Data under study:
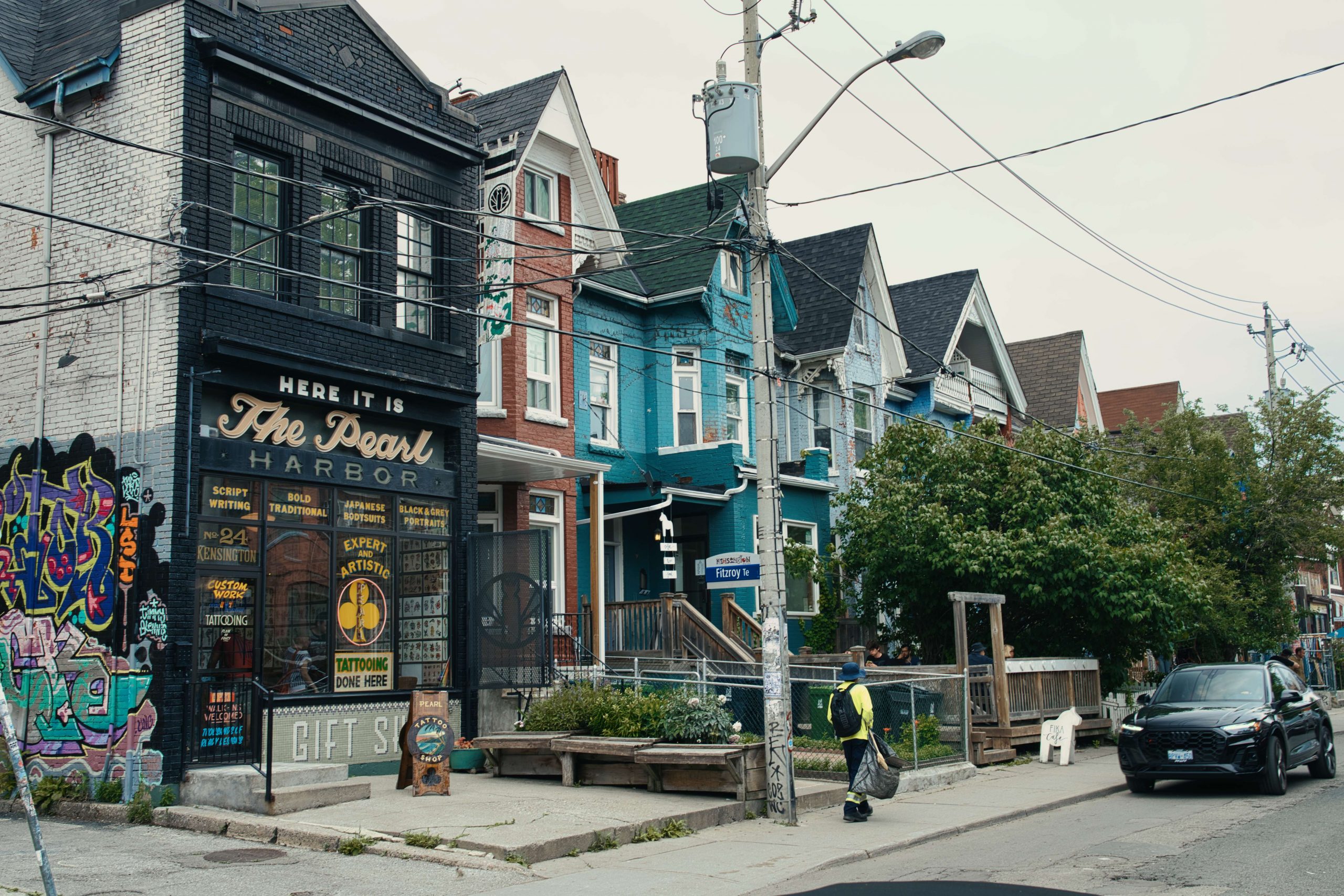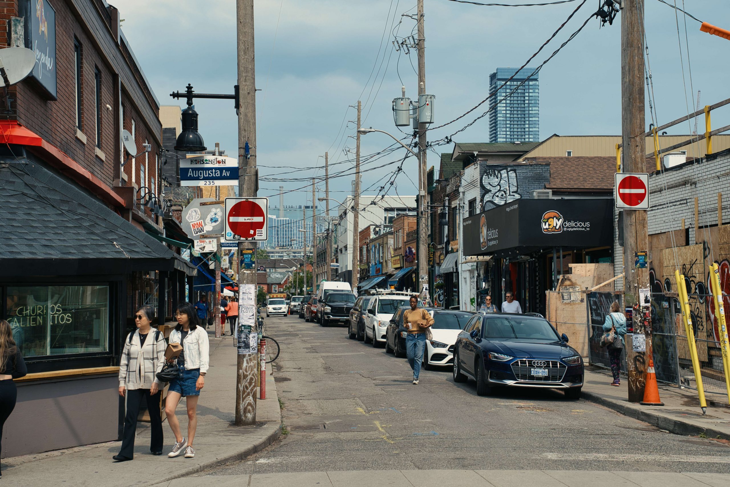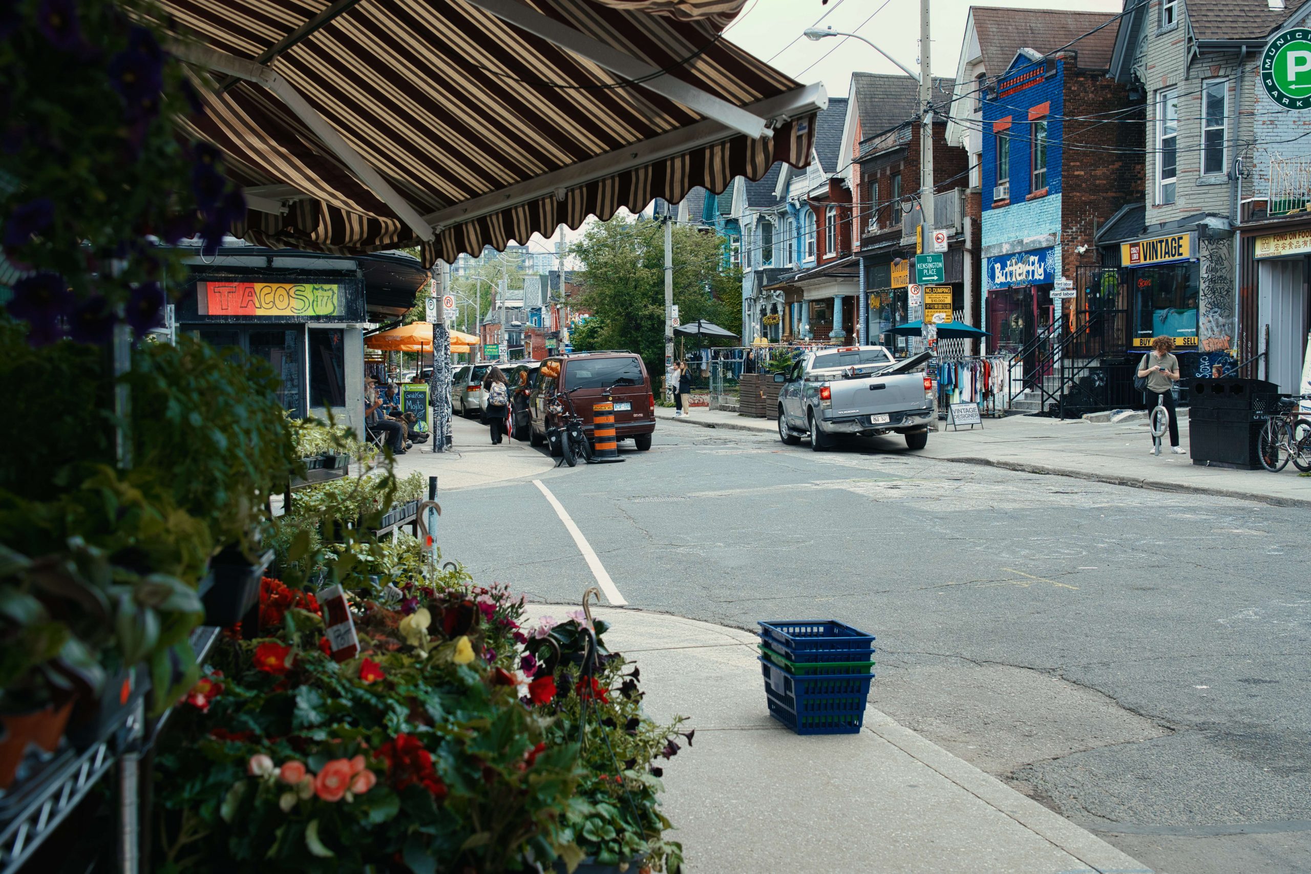 Nun war also auch mal Zeit für ein bisschen Touri-Kram. Auf den Wegen um unsere Sim Karten etc. zu organisieren, konnten wir die Stadt zu Fuß schon mal gut erkunden. Direkt um die Ecke vom Hostel liegt der „Kensington Market“. Jetzt schon einer unserer Lieblingsorte in dieser Stadt. Alternativ, multikulti, entspannt, interessant. Wobei diese Beschreibung auch auf ganz Toronto zutrifft. Obwohl es eine Großstadt (die größte Kanadas) mit vielen Skyscrapern ist, stresst uns diese Stadt bisher gar nicht. Die Menschen sind so schön entspannt und haben ein sehr angenehmes Miteinander. Der typische Torontorianer? Nicht definierbar. Man trifft hier auf den Straßen Alles und Jeden. Als „Tourist“ fällt man hier kaum auf und man fühlt sich sehr gut aufgehoben. Besonders gut gefällt uns, dass hier alle so rumlaufen, wie es ihnen gefällt, jede und jeder kann sie oder er selbst sein und das ist ein verdammt schönes Gefühl.
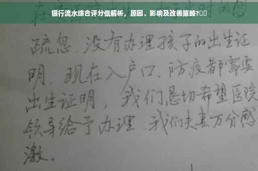 在当今社会,随着金融行业的快速发展,越来越多的人开始关注个人信用评估,银行流水作为评估个人信用的重要依据之一,其综合评分的高低直接关系到个人贷款、信用卡申请等方面的审批结果,有些人在申请贷款时却被告知银行流水综合评分低,那么这究竟意味着什么呢?本文将从以下几个方面进行详细解析。
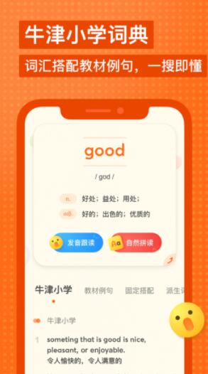 支持中文查字、英文查词,图片词典、汉字笔顺、自然拼读、跟读练习、语音助手等功能,
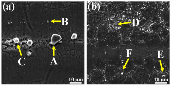 In order to confirm the distribution of the second phase after the solution treatment, the microstructure of the Mg–6Al–3Sn–0.25Mn–2Zn alloy is observed, as shown in Figure 7. Compared with the as-cast alloy, the amount of second phases in the solid solution of the Mg–6Al–3Sn–0.25Mn–2Zn alloy are significantly reduced. The bulky strip and lamellae phases are completely dissolved in the matrix, with only a portion of the small particle phase present. The distribution of the second phase becomes more dispersed. It is known from the phase diagram that the Al–Mn phase (as shown in point B) cannot be dissolved into the matrix. The components of these small particles are detected by EDS, and the results are listed in Table 3. In addition to the Al–Mn phase, there are a few MgAlZn and Mg2Sn phases (as shown in point A and C) distributed on the grain boundary and inside the grains.
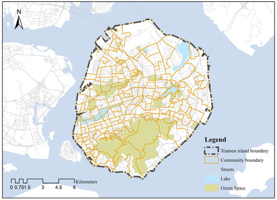 Xiamen Island, as illustrated in Figure 1, serves as the study area for this research. Designated as one of China’s special economic zones during the 1980s reform era, Xiamen has undergone rapid urbanization, transforming from a modest coastal settlement into a vibrant, compact, and modern city in southeastern China. Xiamen Island functions as the political, economic, and cultural core of Xiamen City, characterized by diverse urban forms and functions. These attributes make it an exemplary setting for investigating the impacts of street configuration on urban vibrancy.
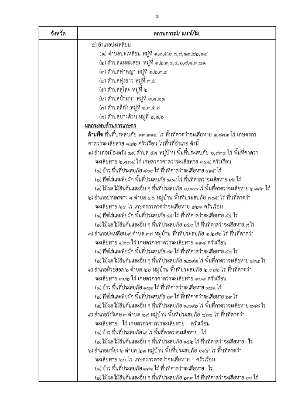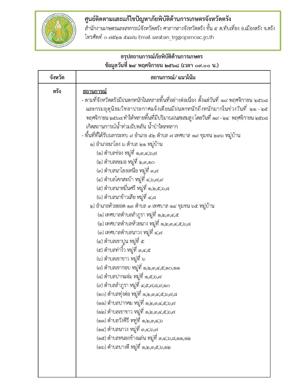 สรุปสถานการณ์ภัยพิบัติด้านการเกษตร (อุทกภัย) ข้อมูล ณ วันที่ 24 พฤศจิกายน 2568 (เวลา 09.00 น.)
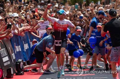 epaselect epa10035105 First placed Denis Chevrot of France reacts during the Ironman European Championship in Frankfurt am Main, Germany, 26 June 2022. EPA/CONSTANTIN ZINN
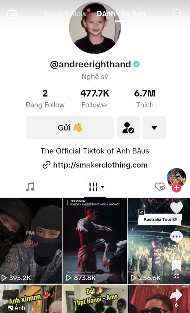Cư dân mạng mới đây xôn xao soi ra được chi tiết nam rapper sinh năm 1987 đã nhập hội "chỉ follow mình em". Cụ thể ở tài khoản TikTok của mình, Andree đã nhấn theo dõi 2 tài khoản, trong đó 1 tài khoản cá nhân và 1 tài khoản shop thời trang. Tuy nhiên, tài khoản cá nhân này không phải của ca sĩ Phương Ly mà là một cô gái khá nổi tiếng trên TikTok có hơn 800.000 lượt theo dõi. Hiện tại nam rapper Andree đã huỷ theo dõi cô gái này.
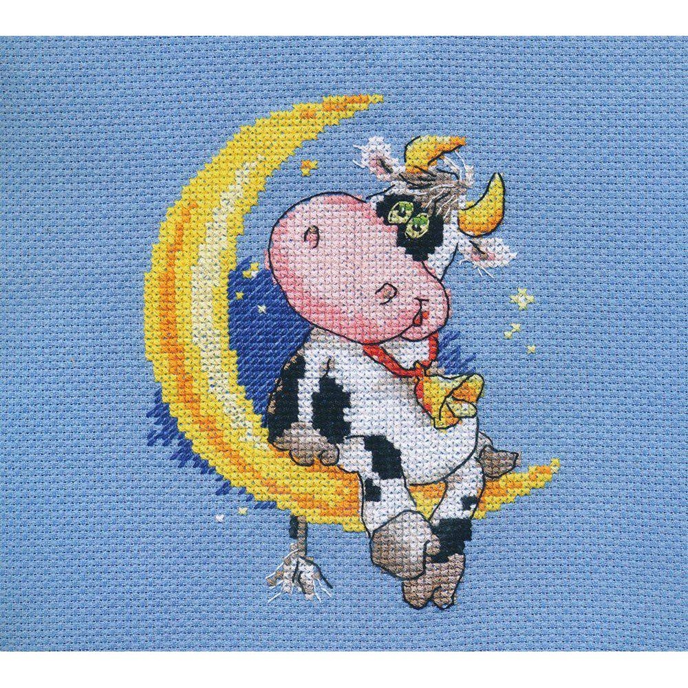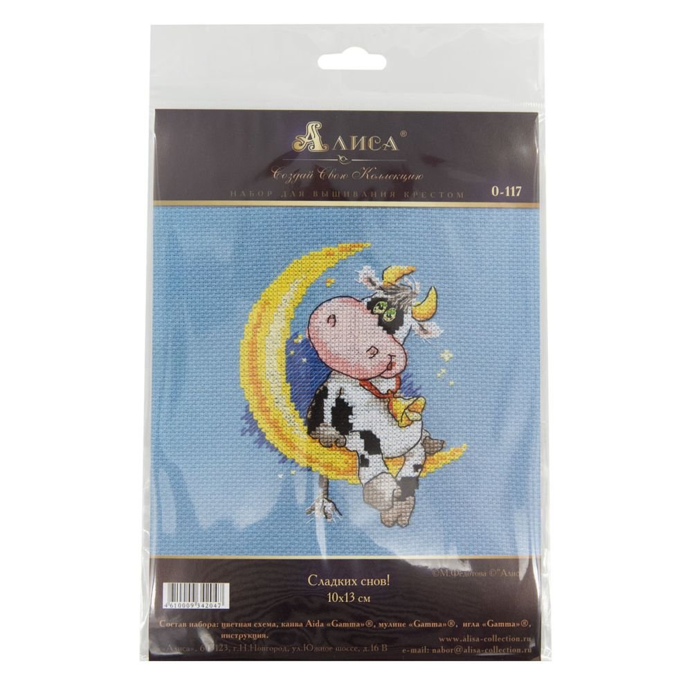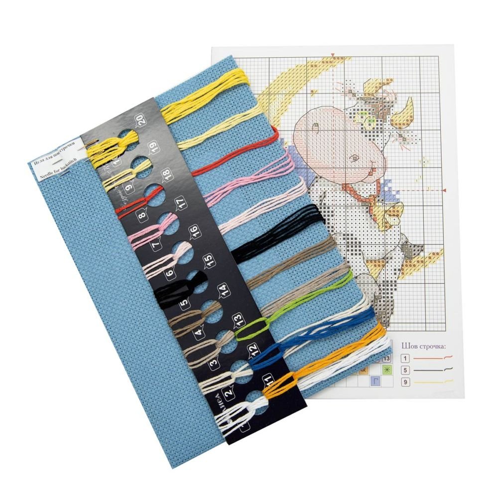 Kit contains: fabric Aida canvas 14ct. dark blue, mouline threads (100% cotton) 13 colours, needle, chart. Finished size: 10x13cm/3.94x5.12". Frame is not included
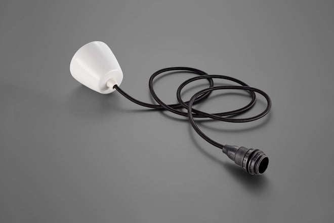 Suspensions de lampe industrielles - Ces douilles de lampe modernes en plastique noir rendent hommage aux douilles de lampe traditionnelles en bakélite noire du passé industriel de Coolicon.
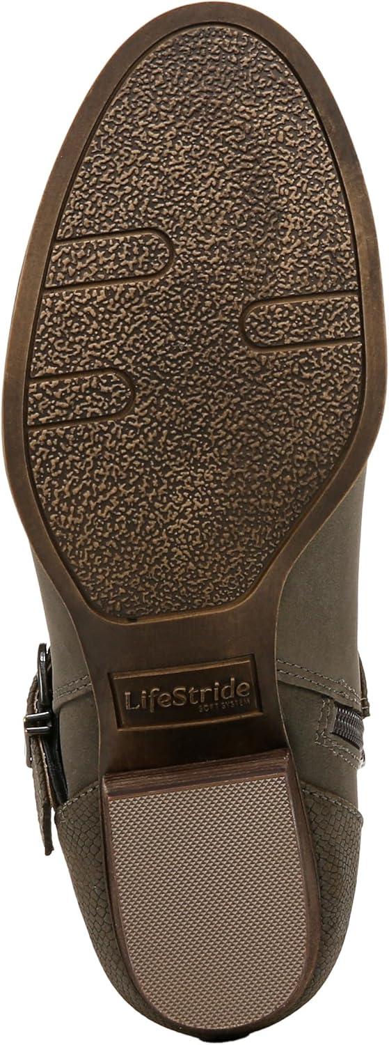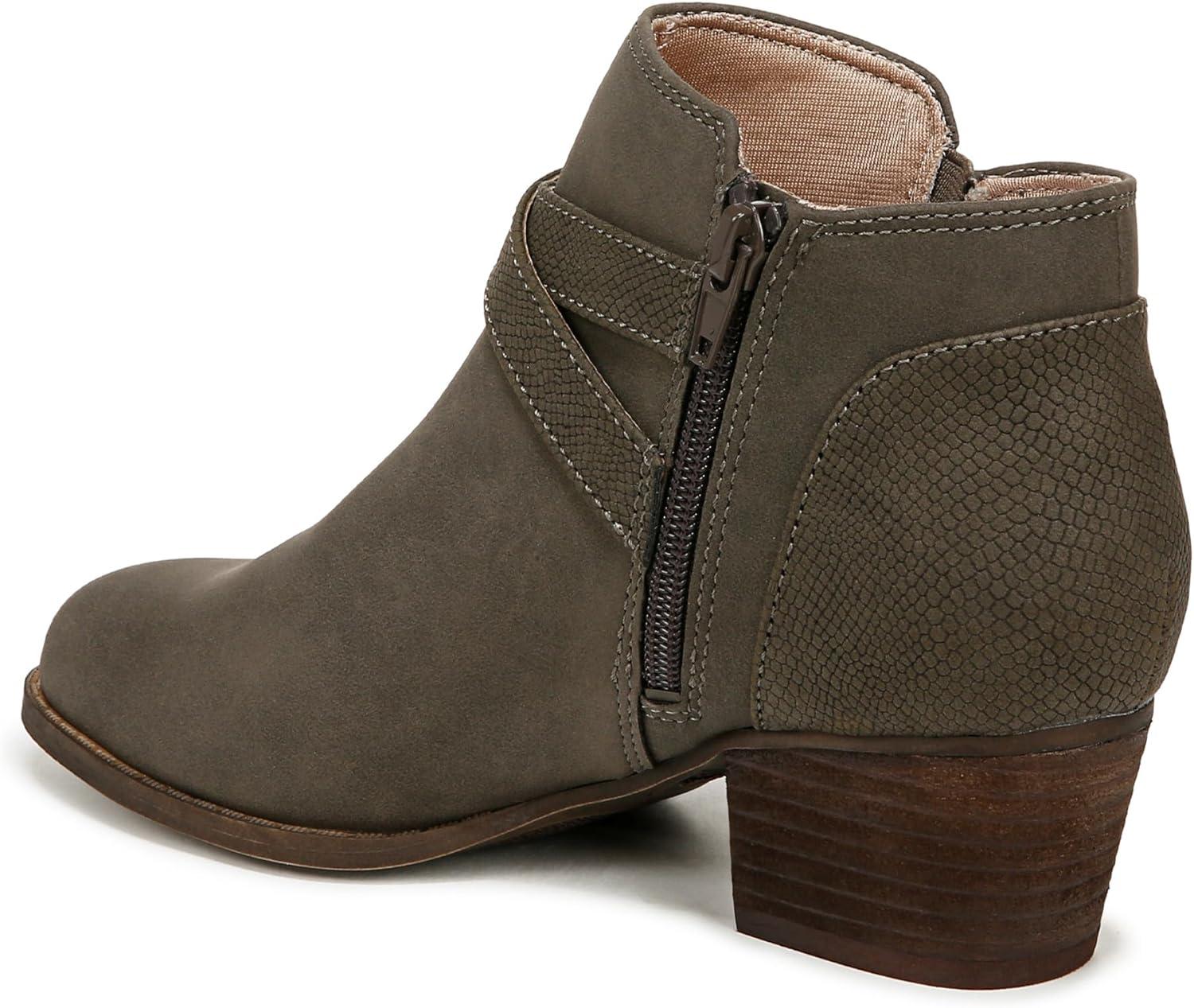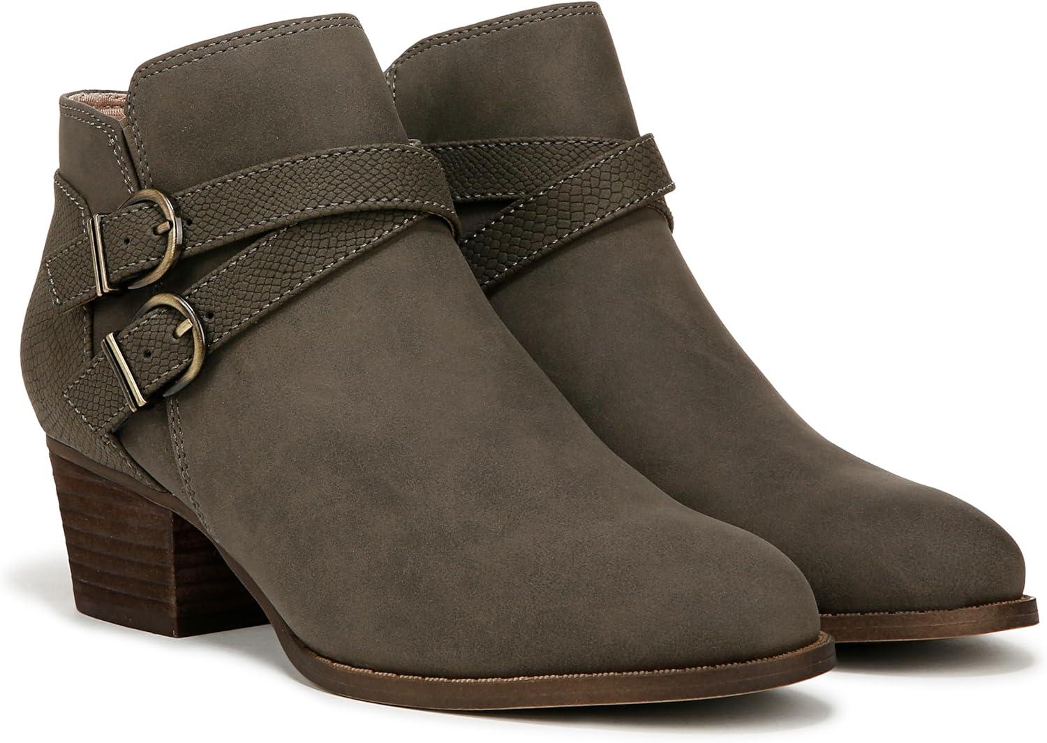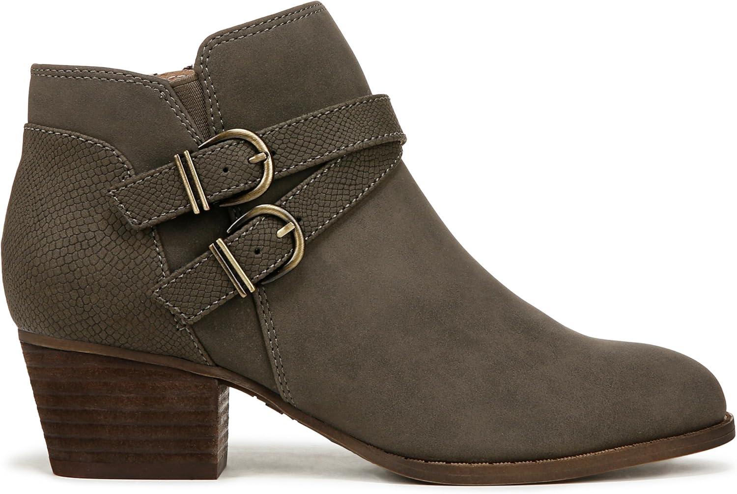Make the Western trend work for your wardrobe in this cool Western ankle boot. Faux leather upper with a round toe, decorative straps with buckle details, built-in stretch, and functional inside zip. Linings partially crafted with recycled materials. Soft System® comfort package provides all-day support, flex, and cushioning. Traction sole provides you with extra stability. Just Right Height 1 7/8 inch stacked block heel.

Task instructions: Since the copy must contain no pictures, return only the text of the records, exactly as it stands.

Output for this task:
 Nun war also auch mal Zeit für ein bisschen Touri-Kram. Auf den Wegen um unsere Sim Karten etc. zu organisieren, konnten wir die Stadt zu Fuß schon mal gut erkunden. Direkt um die Ecke vom Hostel liegt der „Kensington Market“. Jetzt schon einer unserer Lieblingsorte in dieser Stadt. Alternativ, multikulti, entspannt, interessant. Wobei diese Beschreibung auch auf ganz Toronto zutrifft. Obwohl es eine Großstadt (die größte Kanadas) mit vielen Skyscrapern ist, stresst uns diese Stadt bisher gar nicht. Die Menschen sind so schön entspannt und haben ein sehr angenehmes Miteinander. Der typische Torontorianer? Nicht definierbar. Man trifft hier auf den Straßen Alles und Jeden. Als „Tourist“ fällt man hier kaum auf und man fühlt sich sehr gut aufgehoben. Besonders gut gefällt uns, dass hier alle so rumlaufen, wie es ihnen gefällt, jede und jeder kann sie oder er selbst sein und das ist ein verdammt schönes Gefühl.
 在当今社会,随着金融行业的快速发展,越来越多的人开始关注个人信用评估,银行流水作为评估个人信用的重要依据之一,其综合评分的高低直接关系到个人贷款、信用卡申请等方面的审批结果,有些人在申请贷款时却被告知银行流水综合评分低,那么这究竟意味着什么呢?本文将从以下几个方面进行详细解析。
 支持中文查字、英文查词,图片词典、汉字笔顺、自然拼读、跟读练习、语音助手等功能,
 In order to confirm the distribution of the second phase after the solution treatment, the microstructure of the Mg–6Al–3Sn–0.25Mn–2Zn alloy is observed, as shown in Figure 7. Compared with the as-cast alloy, the amount of second phases in the solid solution of the Mg–6Al–3Sn–0.25Mn–2Zn alloy are significantly reduced. The bulky strip and lamellae phases are completely dissolved in the matrix, with only a portion of the small particle phase present. The distribution of the second phase becomes more dispersed. It is known from the phase diagram that the Al–Mn phase (as shown in point B) cannot be dissolved into the matrix. The components of these small particles are detected by EDS, and the results are listed in Table 3. In addition to the Al–Mn phase, there are a few MgAlZn and Mg2Sn phases (as shown in point A and C) distributed on the grain boundary and inside the grains.
 Xiamen Island, as illustrated in Figure 1, serves as the study area for this research. Designated as one of China’s special economic zones during the 1980s reform era, Xiamen has undergone rapid urbanization, transforming from a modest coastal settlement into a vibrant, compact, and modern city in southeastern China. Xiamen Island functions as the political, economic, and cultural core of Xiamen City, characterized by diverse urban forms and functions. These attributes make it an exemplary setting for investigating the impacts of street configuration on urban vibrancy.
 สรุปสถานการณ์ภัยพิบัติด้านการเกษตร (อุทกภัย) ข้อมูล ณ วันที่ 24 พฤศจิกายน 2568 (เวลา 09.00 น.)
 epaselect epa10035105 First placed Denis Chevrot of France reacts during the Ironman European Championship in Frankfurt am Main, Germany, 26 June 2022. EPA/CONSTANTIN ZINN
Cư dân mạng mới đây xôn xao soi ra được chi tiết nam rapper sinh năm 1987 đã nhập hội "chỉ follow mình em". Cụ thể ở tài khoản TikTok của mình, Andree đã nhấn theo dõi 2 tài khoản, trong đó 1 tài khoản cá nhân và 1 tài khoản shop thời trang. Tuy nhiên, tài khoản cá nhân này không phải của ca sĩ Phương Ly mà là một cô gái khá nổi tiếng trên TikTok có hơn 800.000 lượt theo dõi. Hiện tại nam rapper Andree đã huỷ theo dõi cô gái này.
 Kit contains: fabric Aida canvas 14ct. dark blue, mouline threads (100% cotton) 13 colours, needle, chart. Finished size: 10x13cm/3.94x5.12". Frame is not included
 Suspensions de lampe industrielles - Ces douilles de lampe modernes en plastique noir rendent hommage aux douilles de lampe traditionnelles en bakélite noire du passé industriel de Coolicon.
Make the Western trend work for your wardrobe in this cool Western ankle boot. Faux leather upper with a round toe, decorative straps with buckle details, built-in stretch, and functional inside zip. Linings partially crafted with recycled materials. Soft System® comfort package provides all-day support, flex, and cushioning. Traction sole provides you with extra stability. Just Right Height 1 7/8 inch stacked block heel.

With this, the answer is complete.